Во рту у меня пересохло, язык ворочался через силу.

– Да, – выдавил я. – Согласен. Я согласен.

На этот раз пан Марушевич не только брови изогнул, а еще и глаза выпучил, чем невероятно разозлил меня. «Вынужден предупредить, что чаша весов может склониться в пользу смертной казни обвиняемого, – мысленно передразнил я его. – Старый хрыч, корчит тут харю! Ведь приговорит к повешению и спокойно домой отправится внучат нянчить».

– Маркиз, прежде чем принять окончательное решение, скажите, известны ли вам истинные обличья майестре?

Этот вопрос развеселил меня. Я вспомнил роскошные черные волосы, рассыпавшиеся по белым, как мрамор, плечам Марины, золотую змею – браслет на левом предплечье, золотые колечки со скелетиками, украшавшие соски Катрины. Уж кто-кто, а я-то знаю их истинные обличья. Осталась, правда, старшая сестра. Но чем она могла меня удивить?! Черепашьим панцирем между ног?

– Да, ваша честь, мне известны истинные обличья майестре.

– И вы соглашаетесь с тем, чтобы ваше тело в случае смертной казни передали майестре?

– Да, согласен, – ответил я с вызовом.

Меня возмутило то, что судья в третий раз заставил меня испытать унижение. Я не смел обернуться, не смел смотреть в глаза никому. С ненавистью глядел я на Мартина фон Бремборта. «Для тебя я просто Мартин! Мы же пили на брудершафт!» – так он говорил, а теперь со спокойной совестью проголосует за смертную казнь!

– Маркиз, позвольте вопрос. Вы можете не отвечать, если не хотите, – промолвил пан Марушевич.

Я кивнул.

– Почему вы соглашаетесь? Вы же практически отрекаетесь от Господа нашего?!

Хотел бы посмотреть, когда тебя на кол посадят, какому богу ты будешь молиться! Так хотелось ответить мне, но я сдержался.

– У меня особые отношения с майестре, – ответил я. – Мы уважаем друг друга, и я уверен, что они не сделают мне дурного.

– Что ж, воля ваша, – произнес пан Марушевич и посмотрел вглубь зала поверх голов. – Майестра Катрина, согласно закону вы должны внести залог секретарю суда и расписаться. Прошу вас. А также я должен напомнить, что на время совершения официальных актов вы обязаны принять свое истинное обличье.

– Благодарю вас, ваша честь, – ответила Катрина.

Послышались шаги. Фигура в белых одеяниях подошла к столику, за которым сидели писари. Она положила на стол тяжелый кошелек. Секретарь подвинул бумаги к краю стола и протянул фее перо.
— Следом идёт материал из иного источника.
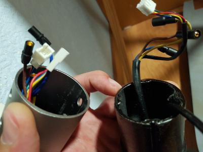 Выкручиваем 4 винта (2 спереди и 2 под пломбой со стороны деки) на рулевой стойке и снимаем верхнюю трубу, отсоединив фишки проводов. В стойке видим паз с короновидной гайкой, под которую нам нужно изготовить спец ключик.

Сердце мое замерло. Я смотрел на майестру Катрину как на спасительницу. Она дарила мне возможность прожить долгую, многовековую жизнь после смерти.

В то же время я стыдился своей трусости и не знал: как смогу теперь взглянуть кому-либо в глаза?! Я страшился того, что пан Марушевич объявит смертельный приговор, но посчитал бы за счастье умереть немедленно! Ну где же ты, Главный Повар?! Треснул бы меня поварешкой по лбу – и дело с концом!

– Сильный ход, – донесся до меня шепот.

– А? – вздрогнул я.

– Сильный ход! – повторил господин Швабрин. – Это вы здорово сообразили!

– Что сообразил? – спросил я.

– Как – что? – прошептал Алексей Иванович. – Теперь уж точно смертная казнь не про вас. Ну какой нормальный судья приговорит обвиняемого к смертной казни, зная, что тот воскреснет в виде нелюдя?! Да и зомби, перед которым сам российский император в долгу, думается мне, в Траумштадте никому не нужен!

– Ну да, оно конечно, – прошептал я, польщенный тем, что в моих словах господин Швабрин увидел не слабость духа, а изощренность в казуистике.

Майестра Катрина откинула капюшон и на мгновение повернулась в мою сторону. Бесцветные жидкие волосы топорщились во все стороны. Лицо казалось заросшим застаревшей плесенью. С правой стороны отсутствовала часть щеки. Между лохмотьями мяса виднелись черные редкие зубы и два здоровых белых клыка. Десны кровоточили. Несмотря на разделявшее нас расстояние, я почувствовал вонь изо рта. Мне пришлось собрать всю свою волю, чтобы не выдать смятения, и убедить себя, что это все-таки лучше, чем надежда на милость от Главного Повара, про которого доподлинно никто не знает, все ли дежурит он на кухне или его там и в помине не было.

Майестра Катрина отвернулась, взяла перо и оставила на бумаге размашистую подпись. Секретарь пересчитал деньги и кивнул пану Марушевичу.

– Благодарю вас и прошу занять ваше место в зале, – произнес председательствующий.

Катрина накинула капюшон и удалилась. Я вздохнул с облегчением. Припомнил ее белые, круглые ягодицы и подумал, что при случае надо будет поблагодарить и ее, и Марину за то, что даже в минуты экстаза они сдерживали себя и не являли подлинных обличий.

Пан Марушевич поднялся из-за стола, барон фон Бремборт и герцог Эйзениц последовали его примеру.

– Суд удаляется на совещание! – объявил председательствующий.

Они повернулись и вышли через боковую дверь.

Время вновь замедлило свой ход, превратившись в самую страшную пытку. Мое сердце готово было разорваться на части. Я с трудом стоял на ногах. Кажется, господин Швабрин каким-то образом успокаивал меня. Не помню, что он говорил, и не берусь сказать, принесли ли его слова пользу мне.

Наконец, и это испытание завершилось. Отворилась дверь. Судьи вернулись на свои места.

– Дамы и господа, попрошу тишины, – объявил пан Марушевич. – Прошу всех встать – суд намерен объявить приговор.

Поднялся страшный шум. Зашуршали десятки платьев и в два раза больше ног одновременно зашаркали. Я почувствовал сильное головокружение. Пан Марушевич дождался тишины и продолжил:

– Суд маркграфства Траумлэнд, руководствуясь принципами законности, справедливости и гуманизма…

Я почувствовал тошноту: почему смертную казнь нужно оправдывать законностью, справедливостью и гуманизмом? Тот, кто произносит такие слова, попробовал бы сыскать высоконравственного палача с моралью, соответствующей этим принципам.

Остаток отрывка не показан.